Kevin e Hannah sono neri, vivono con il papà e la mamma a Lusaka, città di più di un milione di abitanti. Sono benestanti, la mamma è imprenditrice e le capita di viaggiare per lavoro. Ogni volta che ricevono una richiesta di aiuto, Kevin e Hannah si siedono con i genitori che discutono se possono permettersi il volo per quattro persone in quella parte del mondo. Il fatto che il Sig. Tenace sia discretamente abituato a questi discorsi li rende particolarmente reali.
I bambini che contattano Kevin e Hannah sono femmine, maschi, alcuni piccoli altri grandi. Sono già stati in India, Cina, Brasile, Canada, Perù, Italia, Spagna, Namibia. 
L'ultimo viaggio che hanno fatto è stato in Giappone, chiamati da Kumiko, una bambina che si era accorta di un panda rosso in pericolo (ignoro se in Giappone ci siano davvero i panda rossi: ero in pullman in mezzo alla calca, è stato il primo animale che mi è venuto in mente). In mezzo alla storia ho buttato lì che Kumiko era in sedia a rotelle e il Sig. Tenace mi ha subito interrotto: 
"Ah, non me l'avevi detto prima!"
"No, prima non era importante saperlo, adesso che devono salire sulla collina, te l'ho detto perché lei non può. Però lei con il suo tablet dirà loro da lontano se vanno nella direzione giusta"
"Ah, giusto".


Ora, se qualcuno passasse di qui e leggesse di Kevin e Hannah e fosse interessato a farci una bella collezione di libri per bambini, ditemelo.
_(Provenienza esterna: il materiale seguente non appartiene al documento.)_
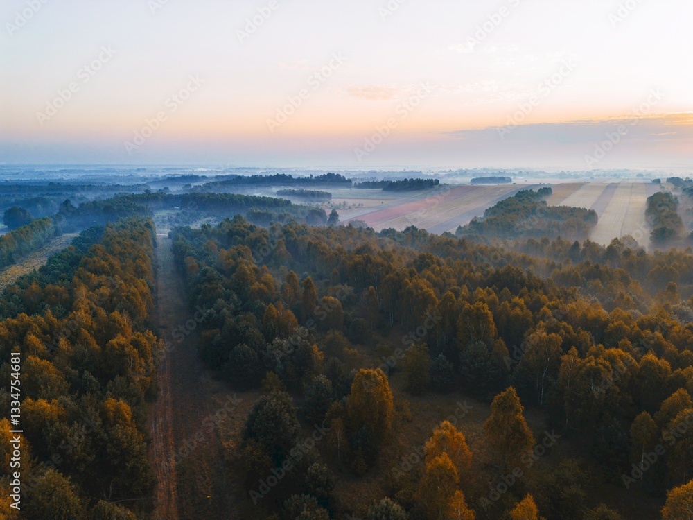Morning mist and sunlight over green countryside

Non voglio scriverle io, né disegnarle. Voglio giusto il copyright. Chissà che ci possa fare qualche soldo extra per pagarci un volo aereo su quattro.




Monday, January 27, 2020

Giochi serali e due fatti solo apparentemente scollegati

Con il sig. Tenace siamo entrati in quella fase in cui da genitori si ignora la maggior parte della giornata del proprio figlio. Come tanti suoi coetanei non racconta molto e uno deve mettere insieme brevi note e particolari lasciati trapelare qua e là per avere un'idea comunque molto vaga di come la propria progenitura abbia trascorso il giorno.
A  questo proposito, ci vennero in grande aiuto - ed è motivo per cui li condivido qui - due giochi di cui ho letto su un famoso blog americano. Entrambi li facciamo a tavola durante la cena.
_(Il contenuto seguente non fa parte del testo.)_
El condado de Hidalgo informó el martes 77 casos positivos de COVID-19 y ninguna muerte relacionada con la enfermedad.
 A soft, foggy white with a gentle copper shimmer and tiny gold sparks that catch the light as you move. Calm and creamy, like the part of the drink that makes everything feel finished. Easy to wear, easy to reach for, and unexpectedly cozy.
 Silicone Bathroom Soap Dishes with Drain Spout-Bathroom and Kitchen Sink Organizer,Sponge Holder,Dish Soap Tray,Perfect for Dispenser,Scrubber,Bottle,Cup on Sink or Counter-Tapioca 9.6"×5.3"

Il primo si chiama Rosa, Spina o Seme. Ognuno può scegliere due tra le tre cose che danno il nome al gioco, a seconda di quel che gli è successo di particolare durante la giornata. Una Rosa per raccontare qualcosa di bello, una Spina se è successo qualcosa di brutto, un Seme se si attende qualcosa per l'indomani. Noi per facilitare il gioco abbiamo ritagliato dei foglietti con disegnati sopra rose, spine e semi e li teniamo in una scatolina che mettiamo sul tavolo alla fine del pasto. Ognuno ne può pescare due. E poi si inizia a raccontare.

Il secondo gioco si chiama Tre Cose. Ognuno deve raccontare tre cose che gli sono capitate, ma di cui solo due sono vere, mentre la terza è una bugia. Gli altri devono indovinare qual è la bugia (però intanto si scoprono due cose vere capitate, eh che volpi?!). 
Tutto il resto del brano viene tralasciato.